Le 13 septembre, le Comité consultatif national d’éthique rend un avis favorable à l’euthanasie, considérant « qu’il existe une voie pour une application éthique de l’aide active à mourir ». Le 9 décembre, une Convention citoyenne sur la fin de vie constituée par 185 citoyens tirés au sort est réunie sous l’égide du Conseil économique, social et environnemental pour se prononcer sur l’adaptation du cadre d’accompagnement de la fin de vie en France, et sur l’opportunité de faire évoluer la législation.

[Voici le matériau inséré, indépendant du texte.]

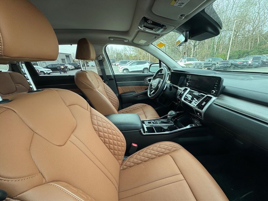CARFAX One-Owner. Clean CARFAX. 2023 Kia Sorento X-Line SX Prestige Wolf Gray Kia Certified Pre-Owned Certified, AWD, 12 Speakers, 3.316 Axle Ratio, 3rd row seats: split-bench, 4-Wheel Disc Brakes, ABS brakes, Air Conditioning, Alloy wheels, AM/FM radio: SiriusXM, Apple CarPlay & Android Auto, Auto High-beam Headlights, Auto-dimming Rear-View mirror, Automatic temperature control, Brake assist, Bumpers: body-color, Carpet Floor Mats, Delay-off headlights, Driver door bin, Driver vanity mirror, Dual front impact airbags, Dual front side impact airbags, Electronic Stability Control, Emergency communication system, Four wheel independent suspension, Front anti-roll bar, Front Bucket Seats, Front Center Armrest, Front dual zone A/C, Front fog lights, Front reading lights, Fully automatic headlights, Garage door transmitter: HomeLink, Heated & Ventilated Front Bucket Seats, Heated door mirrors, Heated front seats, Heated rear seats, Heated steering wheel, Illuminated entry, Knee airbag, Leather steering wheel, Low tire pressure warning, Memory seat, Navigation System, Occupant sensing airbag, Outside temperature display, Overhead airbag, Overhead console, Panic alarm, Passenger door bin, Passenger vanity mirror, Perforated Genuine Leather Seat Trim, Power door mirrors, Power driver seat, Power Liftgate, Power moonroof, Power passenger seat, Power steering, Power windows, Radio data system, Radio: AM/FM Bose Premium Audio System, Rain sensing wipers, Rear air conditioning, Rear anti-roll bar, Rear reading lights, Rear window defroster, Rear window wiper, Remote keyless entry, Roof rack: rails only, Security system, Smart Key w/ Push Button and Remote Start, Speed control, Speed-sensing steering, Split folding rear seat, Spoiler, Steering wheel mounted audio controls, Tachometer, Telescoping steering wheel, Tilt steering wheel, Traction control, Trip computer, Turn signal indicator mirrors, Variably intermittent wipers, Ventilated front seats, Wheels: 8.5J x 20" Matte Gray Alloy, X-Line Rust Interior Color Package, AWD.

L’avortement, un droit ? Au lendemain de la décision de la Cour suprême des États-Unis sur l’avortement, la présidente du groupe macroniste à l’Assemblée nationale a déposé une proposition de loi « visant à inscrire le “droit à l’avortement” dans la constitution française ». En dépit d’un abus de langage, l’avortement n’est pas un « droit » en France, mais une tolérance. L’inscription de l’avortement dans la Constitution en ferait en effet un « droit ». Après avoir été repoussée lors de la précédente mandature, cette proposition permettrait au président Macron de s’agréger une majorité politique de circonstance autour de l’avortement comme « valeur absolue ». Elle rejoint la proposition française de faire entrer le « droit » à l’interruption volontaire de grossesse dans la charte des droits fondamentaux de l’Union européenne.
Le 24 novembre, la majorité présidentielle vote pour l’inscription du droit à l’avortement dans la Constitution, une proposition défendue par l’extrême-gauche (LFI). Même si le texte a peu de chances de se traduire dans la loi, un changement constitutionnel devant être approuvé par les deux chambres et un référendum, il s’agit d’une victoire symbolique. La constitutionnalisation de l’IVG mettrait en péril l’objection de conscience du personnel de santé.